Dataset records
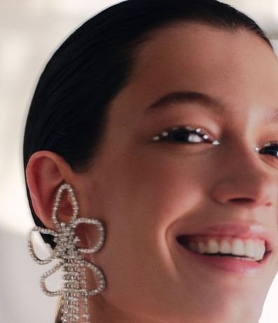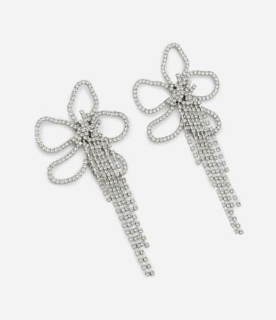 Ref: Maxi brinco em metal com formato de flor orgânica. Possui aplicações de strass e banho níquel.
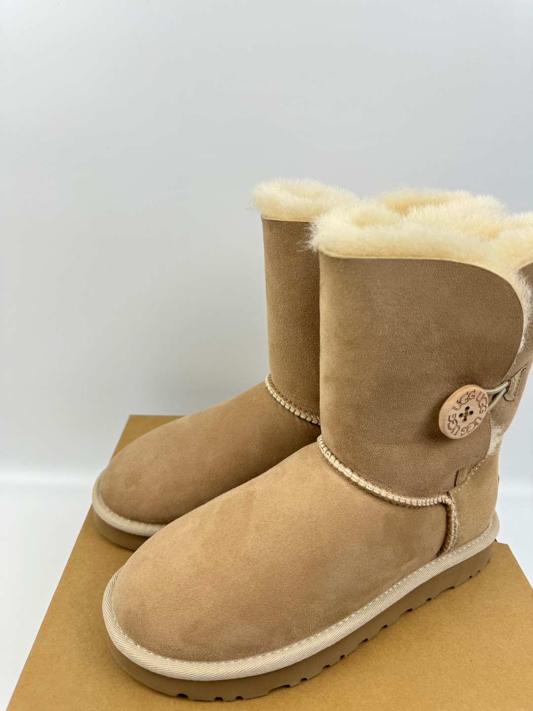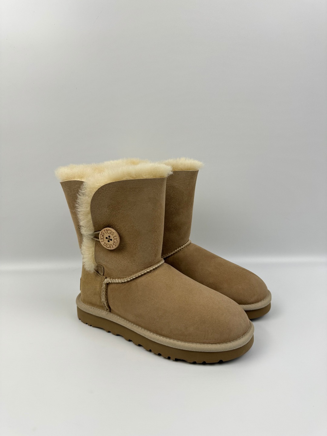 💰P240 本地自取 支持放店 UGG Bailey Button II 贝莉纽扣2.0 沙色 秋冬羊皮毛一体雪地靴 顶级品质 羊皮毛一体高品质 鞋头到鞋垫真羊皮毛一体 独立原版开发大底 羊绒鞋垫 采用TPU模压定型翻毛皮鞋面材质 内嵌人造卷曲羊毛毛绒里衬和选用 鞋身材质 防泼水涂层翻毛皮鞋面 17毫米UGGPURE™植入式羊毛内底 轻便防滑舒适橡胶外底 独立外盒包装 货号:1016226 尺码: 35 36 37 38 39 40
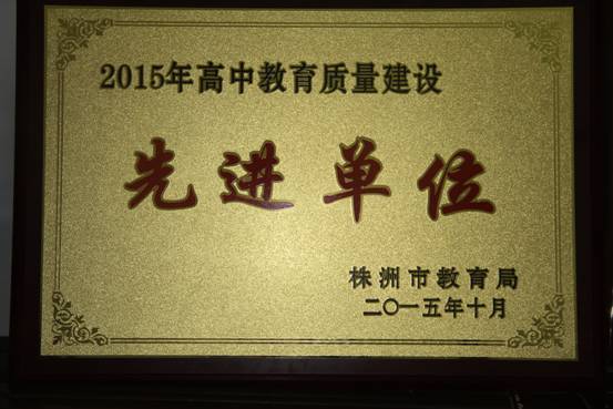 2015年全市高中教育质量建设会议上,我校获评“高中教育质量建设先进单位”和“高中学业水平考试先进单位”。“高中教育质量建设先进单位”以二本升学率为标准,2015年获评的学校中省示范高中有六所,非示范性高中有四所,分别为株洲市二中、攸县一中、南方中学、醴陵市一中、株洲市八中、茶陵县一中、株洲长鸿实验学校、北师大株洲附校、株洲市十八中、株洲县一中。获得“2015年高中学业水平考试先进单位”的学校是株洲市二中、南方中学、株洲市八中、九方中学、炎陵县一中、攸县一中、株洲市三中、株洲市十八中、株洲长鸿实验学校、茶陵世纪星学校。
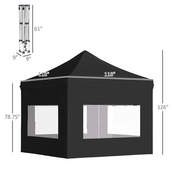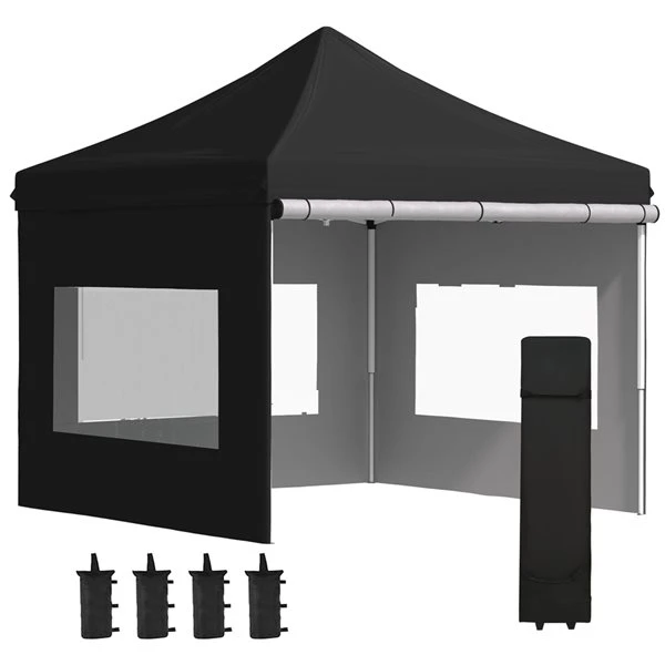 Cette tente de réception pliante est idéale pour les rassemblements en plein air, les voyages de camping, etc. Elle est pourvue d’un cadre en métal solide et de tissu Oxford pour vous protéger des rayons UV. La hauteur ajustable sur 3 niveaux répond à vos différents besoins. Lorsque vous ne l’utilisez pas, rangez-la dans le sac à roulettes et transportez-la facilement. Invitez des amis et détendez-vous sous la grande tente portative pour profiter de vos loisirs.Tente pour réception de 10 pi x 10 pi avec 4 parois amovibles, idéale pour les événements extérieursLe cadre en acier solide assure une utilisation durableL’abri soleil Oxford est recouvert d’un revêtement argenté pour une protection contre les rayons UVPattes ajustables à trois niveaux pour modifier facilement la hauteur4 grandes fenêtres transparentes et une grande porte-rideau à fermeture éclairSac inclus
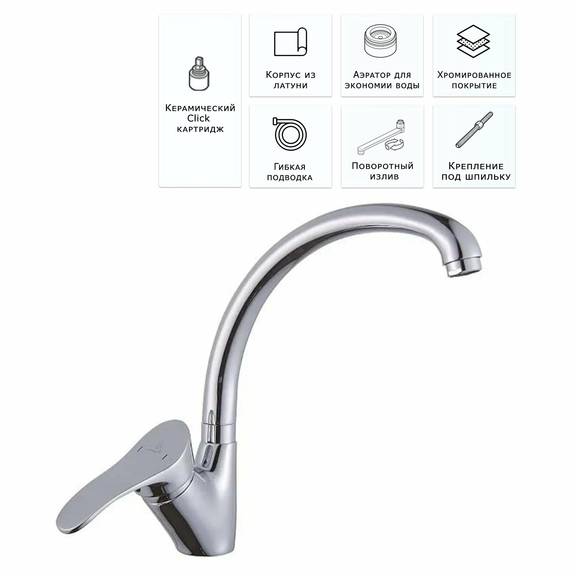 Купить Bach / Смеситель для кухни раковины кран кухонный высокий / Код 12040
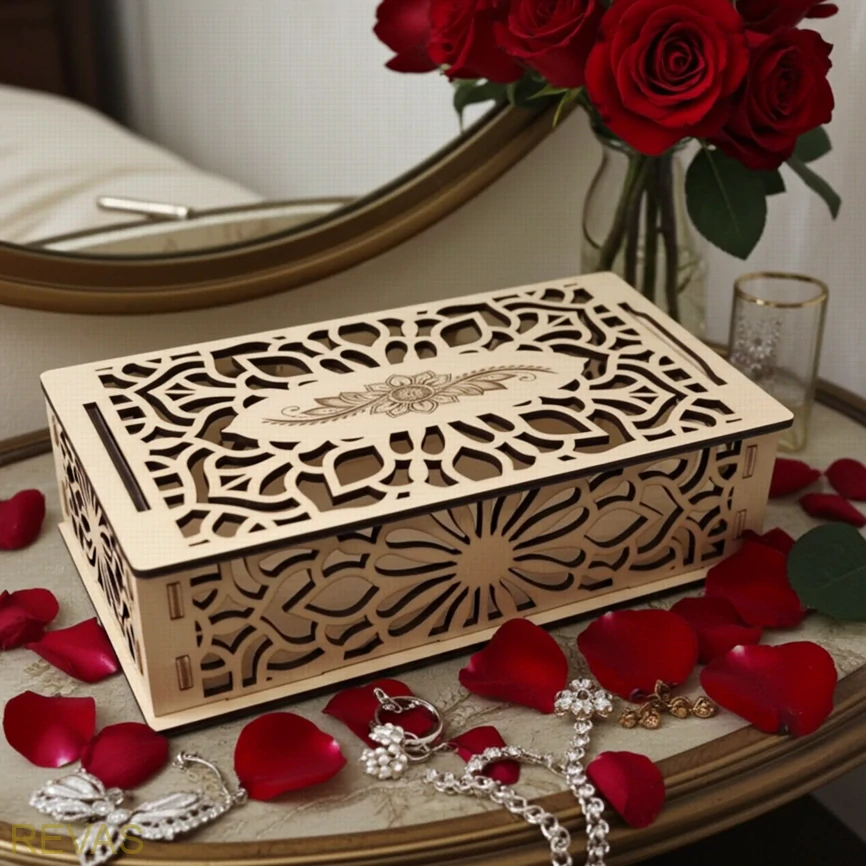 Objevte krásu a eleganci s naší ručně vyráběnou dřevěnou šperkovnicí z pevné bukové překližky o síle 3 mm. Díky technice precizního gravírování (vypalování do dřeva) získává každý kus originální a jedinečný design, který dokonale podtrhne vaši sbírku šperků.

» PROBLEM TO SOLVE: Pictures are to be left out; the lines from the start of the records above through the line holding "2015年全市高中教育质量建" are to be returned exactly.

» YOUR SOLUTION:
 Ref: Maxi brinco em metal com formato de flor orgânica. Possui aplicações de strass e banho níquel.
 💰P240 本地自取 支持放店 UGG Bailey Button II 贝莉纽扣2.0 沙色 秋冬羊皮毛一体雪地靴 顶级品质 羊皮毛一体高品质 鞋头到鞋垫真羊皮毛一体 独立原版开发大底 羊绒鞋垫 采用TPU模压定型翻毛皮鞋面材质 内嵌人造卷曲羊毛毛绒里衬和选用 鞋身材质 防泼水涂层翻毛皮鞋面 17毫米UGGPURE™植入式羊毛内底 轻便防滑舒适橡胶外底 独立外盒包装 货号:1016226 尺码: 35 36 37 38 39 40
 2015年全市高中教育质量建设会议上,我校获评“高中教育质量建设先进单位”和“高中学业水平考试先进单位”。“高中教育质量建设先进单位”以二本升学率为标准,2015年获评的学校中省示范高中有六所,非示范性高中有四所,分别为株洲市二中、攸县一中、南方中学、醴陵市一中、株洲市八中、茶陵县一中、株洲长鸿实验学校、北师大株洲附校、株洲市十八中、株洲县一中。获得“2015年高中学业水平考试先进单位”的学校是株洲市二中、南方中学、株洲市八中、九方中学、炎陵县一中、攸县一中、株洲市三中、株洲市十八中、株洲长鸿实验学校、茶陵世纪星学校。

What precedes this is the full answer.